The simplest approach: just carry on

Just continuing in the old repository for each egg is possible, if no new releases need to be tagged for the old CHICKEN release. This mostly precludes emergency bugfix releases, but these could be continued on a different branch (release-info only takes into account tarballs which get generated from a tag name, after all!).

To prevent version tag clashes, the egg's major version should be bumped for CHICKEN 5. Let's take for example an egg which has released 1.0, 1.2 and 1.3 for CHICKEN 4. If we bump the major version, we can release 2.0, 2.1, etc for CHICKEN 5. If an important bugfix needs to be made for the CHICKEN 4 version, we can continue with 1.4. If we don't bump the major version, the egg would be forced to use micro version numbers for those, like 1.3.1. Both approaches are fine, depending on how much effort is expected to be put into the "old" branch.

The old release-info file will be untouched and continue to be used by the CHICKEN 4 version of Henrietta-cache. For CHICKEN 5, a new file is made (ie myegg.chicken-5.release-info) which starts out empty, and as new releases are made will continue with the number where the CHICKEN 4 branch left off.

Rework each egg's release namespace

Another, possibly cleaner, approach is the following:

This way, new eggs and old eggs will always have the master branch point to the active version.

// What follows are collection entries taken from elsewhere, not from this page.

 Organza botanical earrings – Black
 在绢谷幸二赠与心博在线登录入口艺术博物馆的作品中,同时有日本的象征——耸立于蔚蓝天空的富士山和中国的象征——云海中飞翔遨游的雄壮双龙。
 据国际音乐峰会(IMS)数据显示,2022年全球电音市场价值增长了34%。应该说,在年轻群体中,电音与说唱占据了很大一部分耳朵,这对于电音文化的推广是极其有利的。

It does mean a little bit more work on every major release.

To avoid having to clear the release-info file every time, we could also extend it to include a major release version number (and if it's missing, assume "4"?). This means the release-info file would list both CHICKEN 4 and CHICKEN 5 (and later CHICKEN 6) releases in the same file. This might make maintenance a little easier, but requires a small change in henrietta-cache.

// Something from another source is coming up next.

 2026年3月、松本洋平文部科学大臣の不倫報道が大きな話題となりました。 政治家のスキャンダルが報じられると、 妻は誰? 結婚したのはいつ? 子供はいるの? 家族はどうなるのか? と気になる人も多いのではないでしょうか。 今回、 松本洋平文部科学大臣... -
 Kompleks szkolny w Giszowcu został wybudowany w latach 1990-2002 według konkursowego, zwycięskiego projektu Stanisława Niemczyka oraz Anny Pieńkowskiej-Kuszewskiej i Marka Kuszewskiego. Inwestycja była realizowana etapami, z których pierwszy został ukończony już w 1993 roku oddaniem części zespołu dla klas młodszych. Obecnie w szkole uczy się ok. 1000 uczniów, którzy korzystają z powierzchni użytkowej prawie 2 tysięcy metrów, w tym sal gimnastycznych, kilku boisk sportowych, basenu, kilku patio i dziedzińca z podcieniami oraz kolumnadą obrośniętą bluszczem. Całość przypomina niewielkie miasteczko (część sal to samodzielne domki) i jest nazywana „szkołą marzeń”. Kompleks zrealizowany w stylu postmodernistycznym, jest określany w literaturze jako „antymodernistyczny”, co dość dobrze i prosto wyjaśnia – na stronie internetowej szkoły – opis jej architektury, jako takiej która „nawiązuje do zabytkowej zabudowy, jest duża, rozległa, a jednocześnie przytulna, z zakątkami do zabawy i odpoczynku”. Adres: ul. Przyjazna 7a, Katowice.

Check if it is possible to have both CHICKEN 4 and CHICKEN 5 installed system-wide [incomplete]

Maybe the current build system allows that (better check). During the transition period, it would be nice to allow users (and packagers!) to have both CHICKEN 4 and CHICKEN 5 installed system-wide on the same system.

Basically, we'd need to take the major version into account when naming things (binaries, runtime library and local egg repo). E.g., csc5, csi5, libchicken5.so.<binversion>, lib/chicken5/<binversion>.

The hardcoded path part (lib/chicken) in ##sys#repository-path makes me (mario) believe it's not possible, but I may be missing something.